Covid-19 ve sağlık okuryazarlığı arasındaki ilişkiyi incelemeden önce sağlık okuryazarlığı ve ülkemizdeki durumundan bahsetmek faydalı olacaktır.
Sağlık okuryazarlığı, Dünya Sağlık Örgütü (DSÖ) tarafından “kişilerin sağlıklarıyla ilgili bilgiye, yine sağlıklarını koruyacak ve yükseltecek şekilde ulaşmasını, bu bilgiyi anlaması ve kullanması için gerekli motivasyon ve yeteneği sağlayan sosyal ve bilişsel beceriler” olarak ifade edilmiştir.

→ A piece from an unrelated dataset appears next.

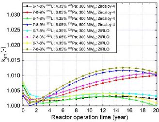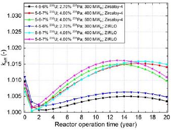 | Fuel | %233U | %231Pa | Cladding | Power (MWth) | BOC | MOC | EOC | |||

Sağlık okuryazarlığı seviyesi yaş, cinsiyet, ırk, sosyoekonomik statü, eğitim, meslek, okuryazarlık, işsizlik durumu, aile ve yaşıtların etkisi, medya kullanımı, fiziksel çevre, demografik durum, kültür, dil, politik güçler, toplumsal sistemler gibi birçok unsurdan etkilenebilmektedir.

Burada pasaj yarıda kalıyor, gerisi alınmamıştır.